The "Force of Mortality" -
reflections on the survival curve and the "ageing" process with
some implications for new directions in research.
Chadd Everone
{http://www.fis.org/public/obiterdicta/forceofmortality.html}
When Benjamin Gompertz published, in 1825,
his seminal work on the laws which seem to govern human mortality (1), he used the idea of the "force of mortality"
to convey the observation that something other than ordinary life-contingencies
was causing mortality after the age of 30. This observation became the
key-stone in the actuarial mathematics of the insurance industry as well
as in modern gerontology and life-extension science. The "force of
mortality" continues to be an apropos metaphor; and here, I
will draft some new perspectives on what might be the nature of that "force".
The Survival Curve of an Experimental
Animal Model
The C57BL/6j Mouse is an in-bred strain that
is probably the most widely used mouse in experimental biology. Because
it is long-lived and has a variety of chronic pathologies that are similar
to humans, it is believed to age and, therefore, is a good model for studies
in gerontology and life-extension. See: An Epistemology for Life-Extension
Science - The Experimental Animal Model - A Consensus Survey {http://www.fis.org/epistemology}.
The lineage of this mouse dates as follows. From Chinese through Japanese
and English "fanciers", who raised mice as an aesthetic hobby,
this and almost all inbred strains of mice used in experimental science
today were developed between 1903-1915 at Abbie Lathrop's mouse farm in
Granby, Maryland. One was labeled "C57". Through Clarence Little,
a "Black" sub-line was developed between 1921 and 1937. And from
that, another sub-line, called "6", was developed at Jackson Laboratory in 1947 - thus, becoming
named as C57BL/6j.
Since 1947, this strain has been bred (sister
and brother) for countless generations by the central breeding laboratory
(Jackson) and by other breeding colonies and investigators all over the
world.
The strain is extremely stable and, given
reasonably adequate husbandry, the survival curve has been virtually identical
in hundreds of life-span studies over some 6 decades by hundreds of investigators
in many different locations and under varying conditions of nutrition,
sanitation, and other environmental conditions. Below, the first survival
curve is from the breeding laboratory, Jackson Laboratory, done in 1979.
The second survival curve is from the colony of this author from an experiment
almost 10 years later in 1987 and done under quite different conditions.
As can be seen, the survival curves and mortality distributions are virtually
identical.
Having been inbred for so many generations,
the C57BL/6 stain is so homogeneous that all individuals are, genomically,
virtually identical - they are essentially clones. An experimental group
of 100 or 1,000 animals is like having 100 or 1,000 identical individuals.

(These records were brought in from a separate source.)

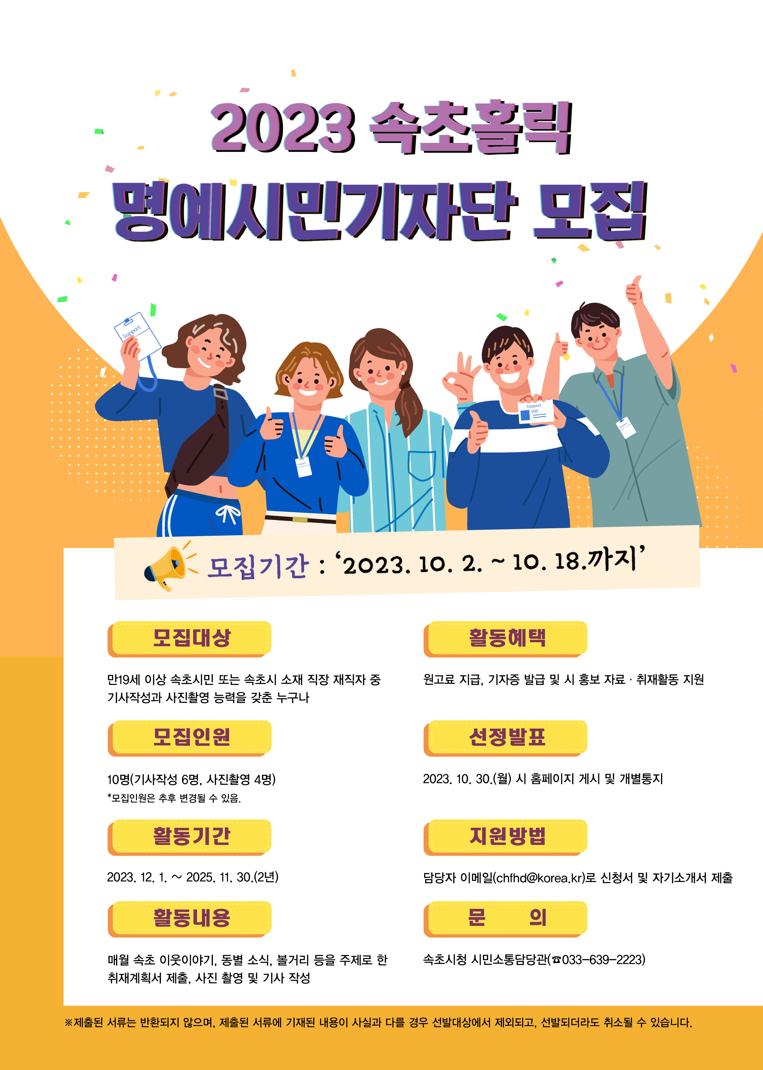 [강원사회복지신문 김도연 기자]=시민 참여형 소식지 제작으로 시민 눈높이 시정 콘텐츠 구현 속초시가 시 승격 60주년을 맞아 시정소식지 '속초홀릭'을 이끌어갈 명예시민기자를 오는 10월 18일까지 모집한다. 명예시민기자는 12월부터 2025년 11월까지 2년 동안 속초시 곳곳의 다양한 소식을 직접 취재하며 마을 소식, 이웃...
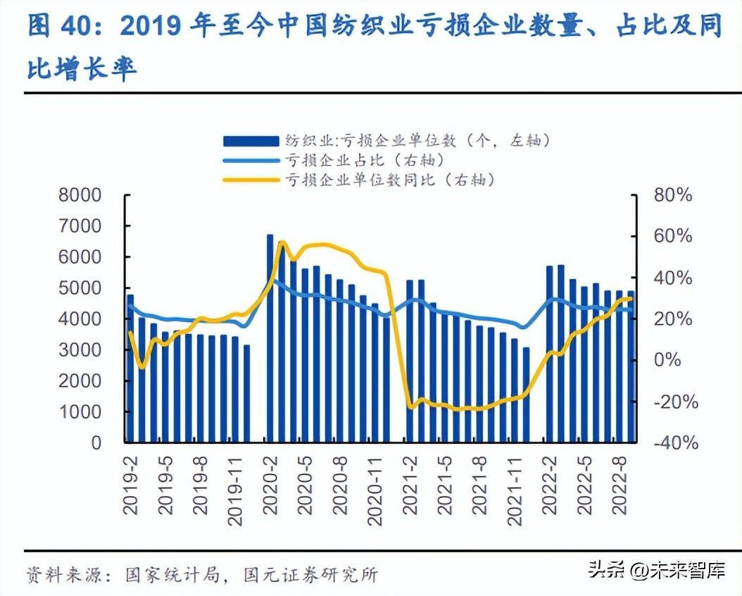 疫情及宏觀環(huán)境影響下,紡織行業(yè)低產(chǎn)能或逐步出清。根據(jù)工信部數(shù)據(jù),2022 年 1-9 月,中國規(guī)模以上紡織企業(yè)工業(yè)增加值同比下降 0.4%,營業(yè)收入 38563 億元, 同比增長 3.1%;利潤總額 1345 億元,同比下降 24.0%;行業(yè)虧損面 24.3%,同比 擴(kuò)大 2.7pct。疫情及宏觀環(huán)境影響下,經(jīng)營困難的紡服企業(yè)數(shù)量同比大幅提升,持續(xù) 虧損下或逐步退出行業(yè),而頭部企業(yè)更有抵御經(jīng)營風(fēng)險的經(jīng)驗(yàn)和能力,更有望抓住疫情放開和經(jīng)濟(jì)回暖之后的行業(yè)機(jī)會。
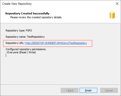 VisualSVN에서 Repository를 생성할 때 위치 접속 정보를 알려주는데 이 주소를 사용하면 됩니다.
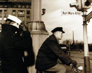 Keywords: monochrome 330-PSA-28-62 (USN 1059101): Berlin Crisis of 1961. In tourist fashion, one of the reservists who got a first-hand look at life behind the wall takes time to photograph an East German riding his bicycle down the sidewalk of Karl-Marx-Allee. Master Caption: One hundred seventy-two U.S. Naval Reservists called to active duty in 1961 because of the Berlin Crisis visited Berlin January 12 and 13 for a first-hand look at the Berlin situation. The reservists breakfasted with the district mayors of Keukoeln and were welcomed to the city by Major General Albert Watson II, U.S. Commander, Berlin, who briefed them of the U.S. Army’s mission in Germany. For lunch they were guests of the Third Battle Group, 6th Infantry, of the U.S. Army’s Berlin Brigade. During the day, they toured West and East Berlin, visited the Army’s tank park and witnessed a weapons demonstration. The Reservists are crewmen of four Naval Reserve Training Ships which were activated in the fall. The ships, all destroyers: USS Hunt; USS Millar; USS Robinson; and USS Remey. Photograph released January 29, 1962. (9/29/2015). 330-PSA-28-62 (USN 1059101): Berlin Crisis of 1961. In tourist fashion, one of the reservists who got a first-hand look at life behind the wall takes time to photograph an East German riding his bicycle down the sidewalk of Karl-Marx-Allee. Master Caption: One hundred seventy-two U.S. Naval Reservists called to active duty in 1961 because of the Berlin Crisis visited Berlin January 12 and 13 for a first-hand look at the Berlin situation. The reservists breakfasted with the district mayors of Keukoeln and were welcomed to the city by Major General Albert Watson II, U.S. Commander, Berlin, who briefed them of the U.S. Army’s mission in Germany. For lunch they were guests of the Third Battle Group, 6th Infantry, of the U.S. Army’s Berlin Brigade. During the day, they toured West and East Berlin, visited the Army’s tank park and witnessed a weapons demonstration. The Reservists are crewmen of four Naval Reserve Training Ships which were activated in the fall. The ships, all destroyers: USS Hunt; USS Millar; USS Robinson; and USS Remey. Photograph released January 29, 1962. (9/29/2015). |
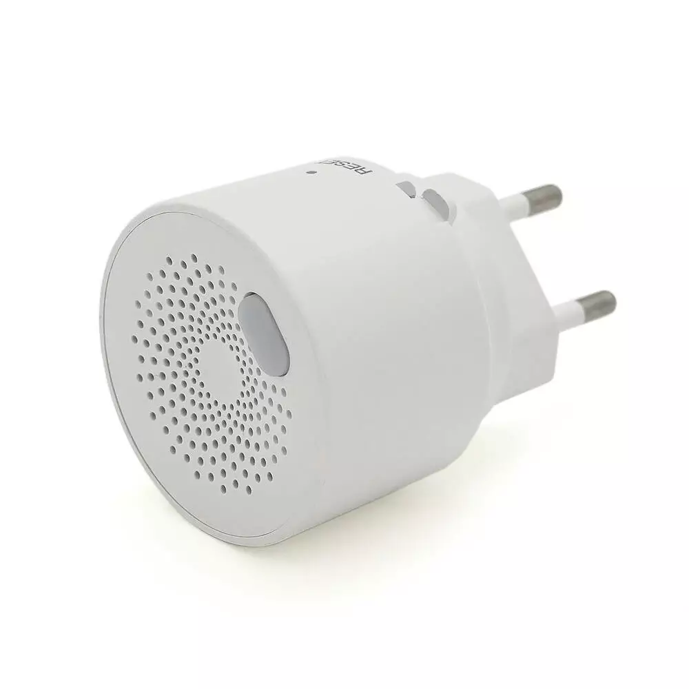 • Під час детекції газу видає звуковий сигнал, відправляє push-повідомлення на смартфон і подає живлення на клапан маніпулятора для блокування подачі газу (якщо такий встановлено).

Thus, one might expect that all individuals would have the same diseases
and closely identical lengths of survival; but, in fact, they do not. From
the graphs, above, it can be seen that 25% live out to 125 - 164 weeks,
while 50% live 116 weeks, and 25% do not live more than 97 weeks. These
percentages are practically invariable between different, experimental
colonies.
Several observations pertain. Given that
these mice are genetically identical, it is remarkable that there is such
a spread of individual survivability. Also, it is remarkable that this
spread in survivability is so uniform and consistent over decades of time
and under so many environmental conditions. It is as if the variation in
survivability and the distribution of its array is genetically programmed
- but not at the level of the genome itself.
When I discussed this phenomenon with a geneticist
at UC Berkeley, who is now conducting a large-scale gene knock-out study
on this strain of mouse, without any hesitation, he said: "Its obvious,
it is all determined during early development!" In March 2002, Craig Venter, the founder of Celera
and one of the key scientist in the Human Genome Project, delivered the
Hitchcock Lectures at UCB; and before one of the presentations, I presented
this for his consideration. He said: "That just shows that it is not
all genomic." But when it was pointed out that the survival differential
was so constant, he thought for a moment and then said: "To tell you
the truth, I do not have the slightest idea." (His candor and objectivity
was appreciated and commendable.) Again, in March 2002, Wolf
Reik gave a presentation at Lawrence Berkeley Laboratory about
his work on "Dynamic Reprogramming of DNA Methylation in the Early
Mouse Embryo", and this issue was brought to his attention. He had
never considered it before but suggested that an experiment might be designed
to analyze DNA methylation of a cohort to determine the differences in
the reprogramming of different individual genomes and then carry-out the
experiment to the full-term life-span and see if there might be any correlation.
The Survival Curve of Human Populations
Unlike
the experimental animal model above, human populations are very heterogeneous;
and our environmental variables are radically different and disparate.
Regardless, our survival curve and distribution of mortality are similar.
The exponential rate of mortality after age 30 is held to be caused by
"ageing" - i.e., Gompertz' "force of mortality".
Curiously, if you take all of the people
who die from one particular chronic disease and create a survival curve
for only that group, you obtain similar survival curves.